Task prompt – Below are records with pictures in them. Transcribe everything from the line containing "12月4日,芯智讯报道称,港" down to the line containing "Spass gemacht, weil", exactly, and leave the pictures behind.

Provided records –
═══
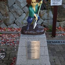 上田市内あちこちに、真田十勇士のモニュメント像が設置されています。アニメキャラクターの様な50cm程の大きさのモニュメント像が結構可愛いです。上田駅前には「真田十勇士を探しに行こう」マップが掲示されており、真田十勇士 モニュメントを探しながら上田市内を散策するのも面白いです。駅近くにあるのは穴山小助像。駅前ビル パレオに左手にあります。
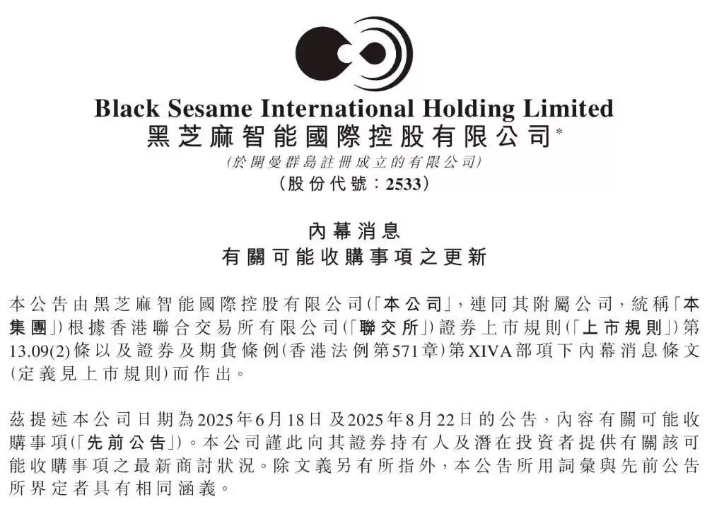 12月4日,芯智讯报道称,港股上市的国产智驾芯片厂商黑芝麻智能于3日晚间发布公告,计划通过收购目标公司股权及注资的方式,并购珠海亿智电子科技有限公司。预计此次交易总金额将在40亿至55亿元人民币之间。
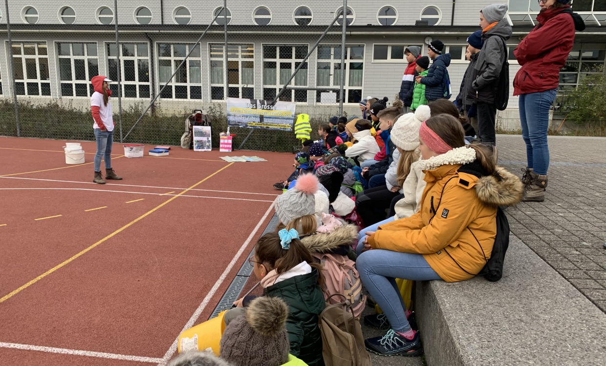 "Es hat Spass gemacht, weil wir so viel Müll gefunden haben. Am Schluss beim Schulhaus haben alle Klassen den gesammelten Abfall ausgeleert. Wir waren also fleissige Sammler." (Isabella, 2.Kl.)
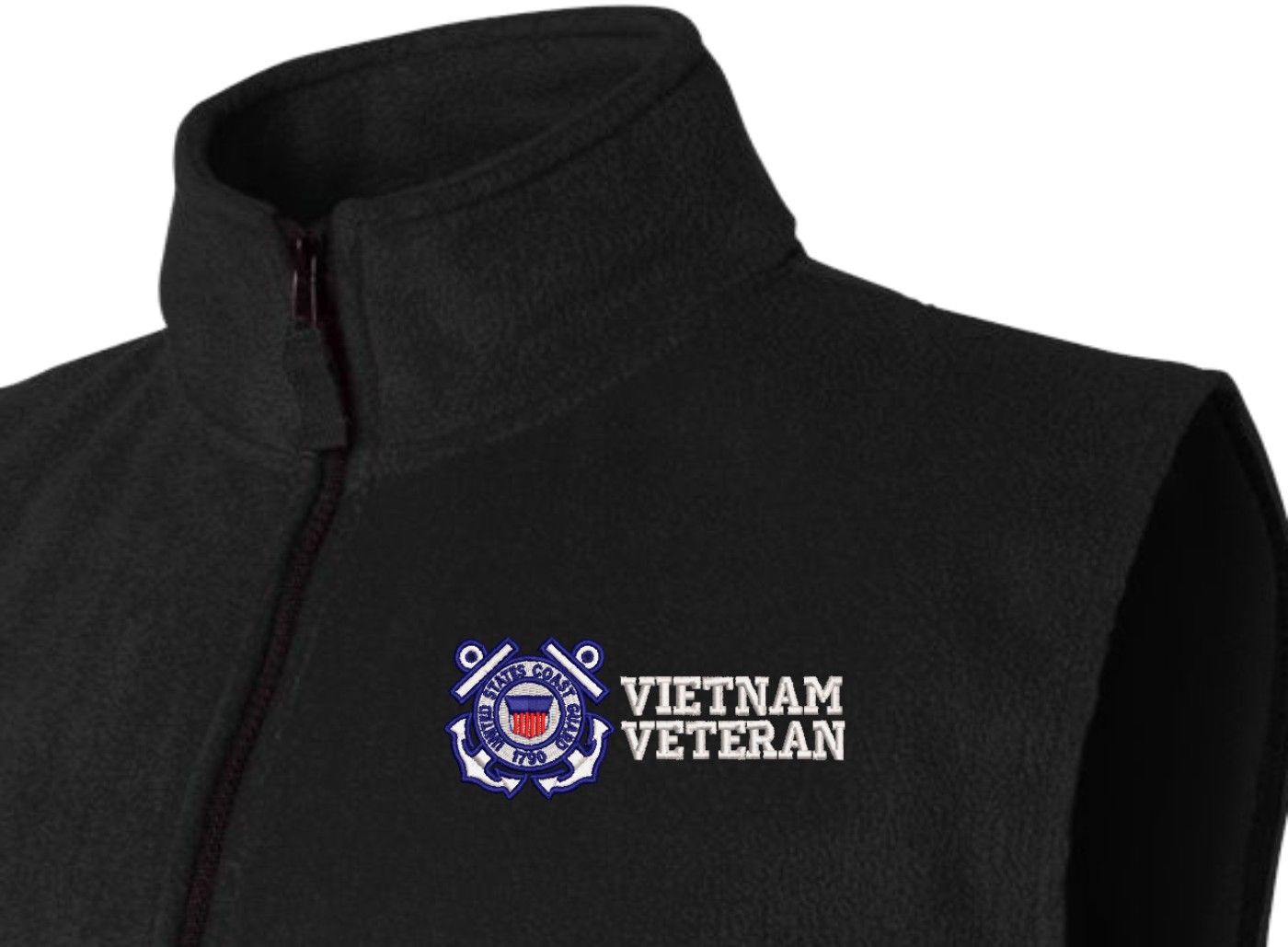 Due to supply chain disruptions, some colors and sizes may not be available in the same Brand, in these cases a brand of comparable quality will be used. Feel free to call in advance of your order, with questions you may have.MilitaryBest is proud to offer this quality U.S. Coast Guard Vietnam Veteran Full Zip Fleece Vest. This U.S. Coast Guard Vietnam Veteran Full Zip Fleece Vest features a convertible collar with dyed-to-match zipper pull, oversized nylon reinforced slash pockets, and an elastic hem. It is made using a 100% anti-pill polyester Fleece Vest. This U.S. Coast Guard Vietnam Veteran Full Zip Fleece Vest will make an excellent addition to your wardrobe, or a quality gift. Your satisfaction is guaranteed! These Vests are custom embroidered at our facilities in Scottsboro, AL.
═══
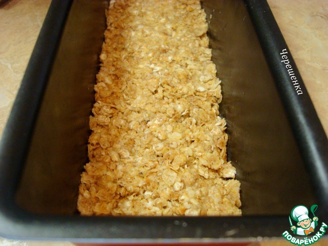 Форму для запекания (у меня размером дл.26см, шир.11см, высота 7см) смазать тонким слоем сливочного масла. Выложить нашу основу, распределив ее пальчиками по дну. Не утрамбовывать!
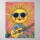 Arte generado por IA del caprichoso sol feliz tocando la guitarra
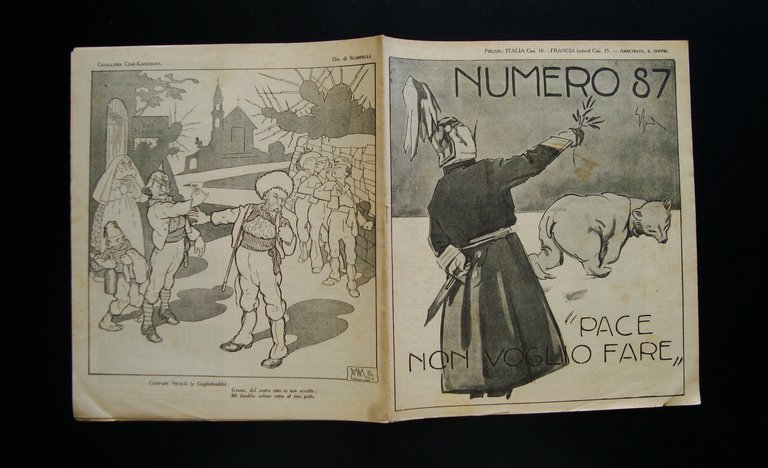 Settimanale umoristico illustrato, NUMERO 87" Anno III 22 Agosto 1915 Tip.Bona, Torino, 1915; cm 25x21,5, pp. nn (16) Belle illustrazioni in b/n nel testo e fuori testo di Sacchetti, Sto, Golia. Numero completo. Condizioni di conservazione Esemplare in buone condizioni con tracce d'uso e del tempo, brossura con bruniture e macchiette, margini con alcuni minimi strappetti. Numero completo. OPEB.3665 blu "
═══
Task output –
 12月4日,芯智讯报道称,港股上市的国产智驾芯片厂商黑芝麻智能于3日晚间发布公告,计划通过收购目标公司股权及注资的方式,并购珠海亿智电子科技有限公司。预计此次交易总金额将在40亿至55亿元人民币之间。
 "Es hat Spass gemacht, weil wir so viel Müll gefunden haben. Am Schluss beim Schulhaus haben alle Klassen den gesammelten Abfall ausgeleert. Wir waren also fleissige Sammler." (Isabella, 2.Kl.)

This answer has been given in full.